++++ RECORDS FOR THIS EXERCISE

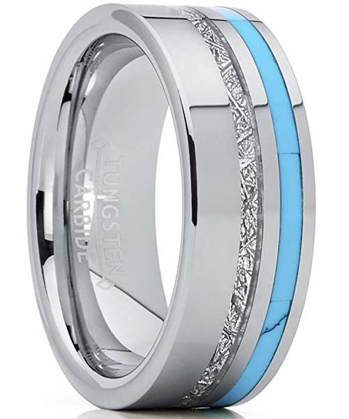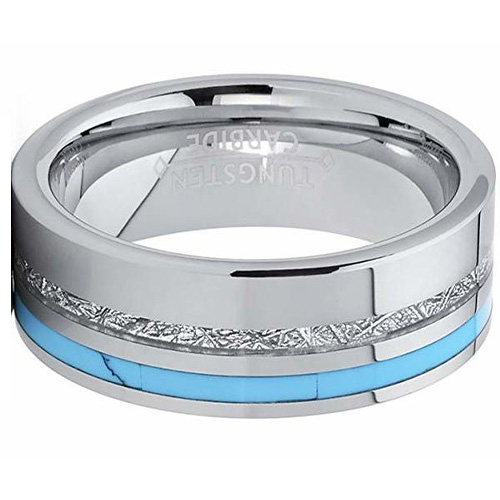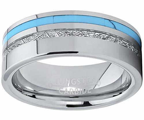 Women's Or Men's Wedding Tungsten Carbide Wedding Band Matching Rings,Silver Tungsten Carbide Bands with Blue Turquoise and Inspired Meteorite Inlay,Pipe Cut Tungsten Carbide Ring With Mens And Womens For Width 6MM 8MM
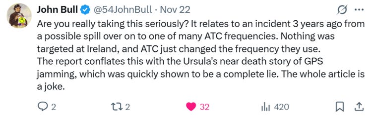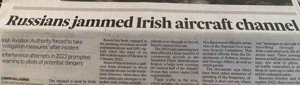 This Irish Times front-page “news” headline from 22nd Nov 2025 which screamed “Russians jammed Irish aircraft channel” really is a joke. In our secular and post-truth world we have had to get used to an increasingly dishonest media. Even though we are becoming more accustomed to swimming in a sea of lies and half-truths, this “news” is a joke, which should immediately alert us to the fact that this story is part of a psyop.
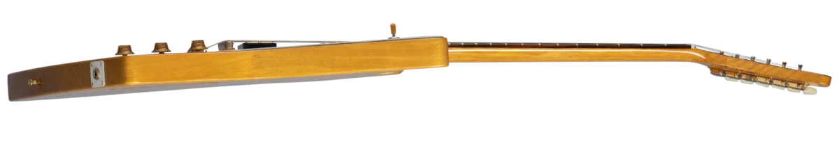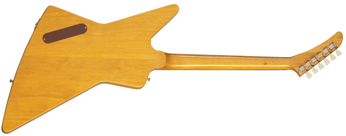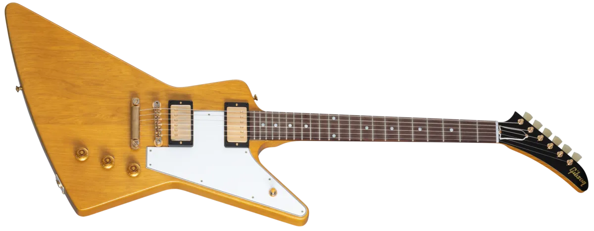 The Gibson Explorer™ was way ahead of its time when it was introduced in 1958, and only 19 were shipped that year, but it has become very popular in the years since then. The classic vintage Explorer features have been carefully recreated in this Historic Reissue model. Featuring an ABR-1 bridge and Stop Bar tailpiece, a Korina body, Custombucker pickups, Korina neck, Indian rosewood fretboard, two volume and one tone control with CTS® pots and a phone book capacitor, gold hardware, Kluson® tuners, and a 4-ply pickguard. A historically accurate case is included, with a classic brown exterior and plush pink interior.
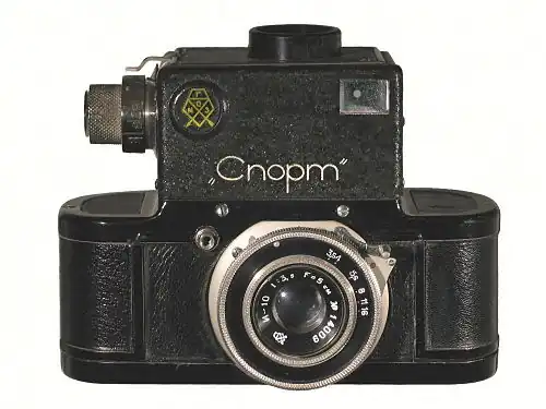 The first 35mm prototype SLR was the "Filmanka" developed in 1931 by A. Min in the Soviet Union.[5] In 1933 A.O. Gelgar developed the "GelVeta" also in the USSR, later renamed Спорт ("Sport").[6] "Sport" was a very smart design with a 24mm × 36mm frame size, but, according to some sources, it did not enter the market until 1937,[7] although there is now some evidence emerging that "Sport" may have been in limited production before 1936. Because of the probable production in small numbers it has been claimed not to be the first mass-produced 35mm SLR.
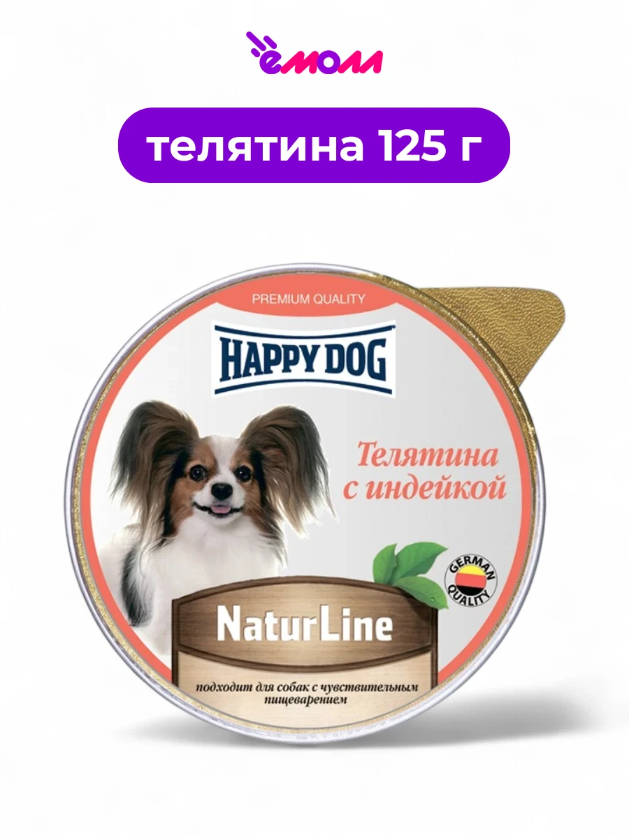 Happy Dog консервированный корм для собак Natur Line паштет с телятиной и индейкой 0,125 кг
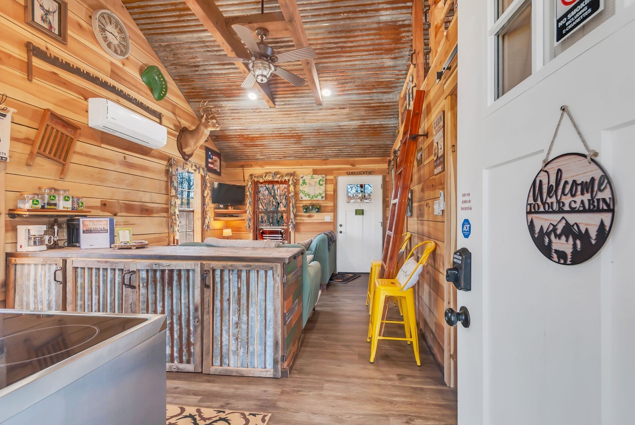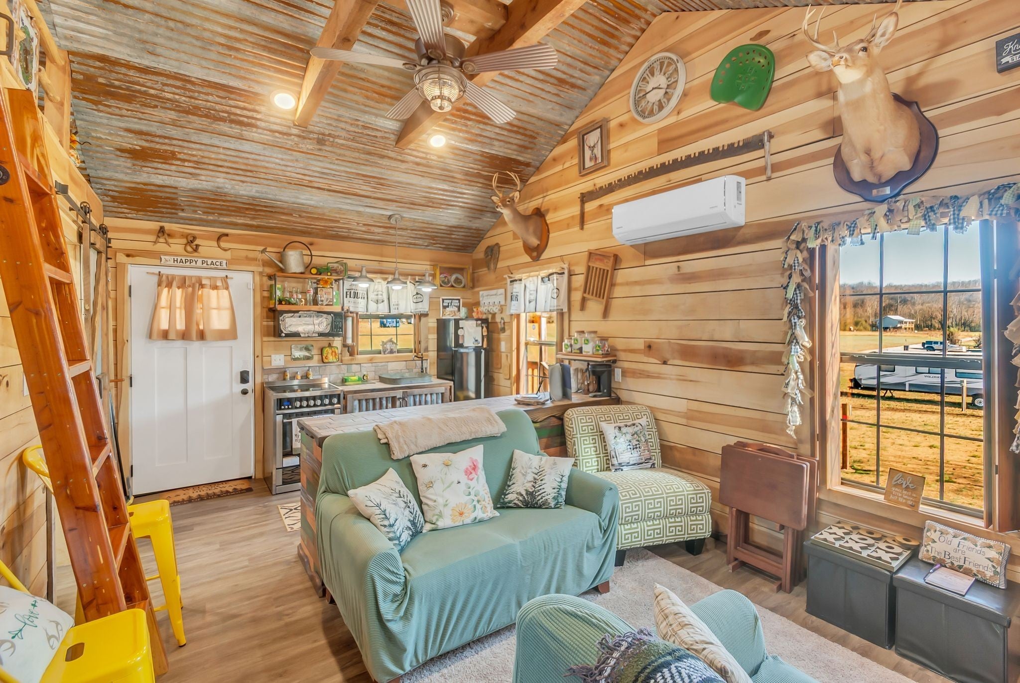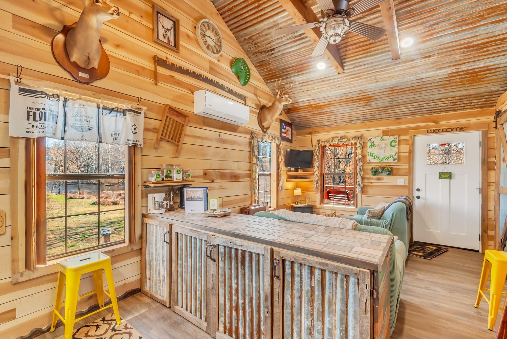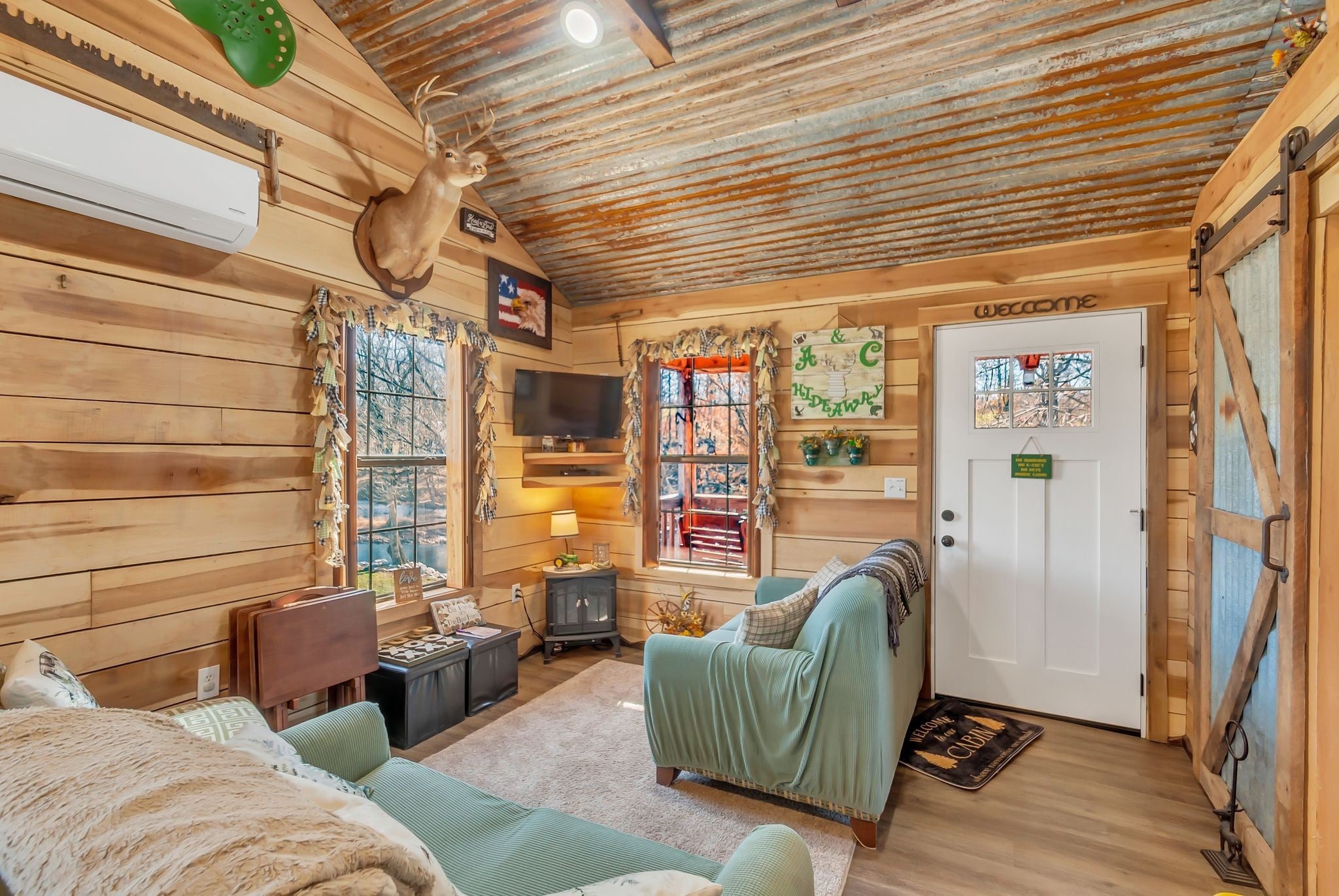 Perfect weekend getaway. Adorable Cozy rustic cabin set next to Factory Creek. Wake up with your favorite cup of pick me up on the deck overlooking the sounds of water and all nature has to offer. 2 bedrooms, one is a loft, 1 bath with custom tile shower, rustic window shades, barn doors all set in an atmosphere made for relaxation. Property also boasts 2 RV hookups with 30 amp service. kayak down factory creek and shoals creek, kayaks available to rent at syncamore campgrounds by taco shack which is 6 Miles from the cabin. The NATRA (North Alabama Trail Riders Association) is down the road 1 mile. Creek is crystal clear, rock bottom so fishing is easy when you can see all the fish. Gated by remote control, quiet, relaxing community with firepit at cabin to build a bonfire and roast marshmellows. Bring your canoes and friends for a fun getaway. Rent it as an air bnb when you aren't there.

++++++++

**WORK TO BE COMPLETED**
Beginning with the line above that contains "The first 35mm" and ending with the line that contains "Happy Dog консервированный", quote each line exactly, keeping out the pictures.

**WRITTEN SOLUTION**
 The first 35mm prototype SLR was the "Filmanka" developed in 1931 by A. Min in the Soviet Union.[5] In 1933 A.O. Gelgar developed the "GelVeta" also in the USSR, later renamed Спорт ("Sport").[6] "Sport" was a very smart design with a 24mm × 36mm frame size, but, according to some sources, it did not enter the market until 1937,[7] although there is now some evidence emerging that "Sport" may have been in limited production before 1936. Because of the probable production in small numbers it has been claimed not to be the first mass-produced 35mm SLR.
 Happy Dog консервированный корм для собак Natur Line паштет с телятиной и индейкой 0,125 кг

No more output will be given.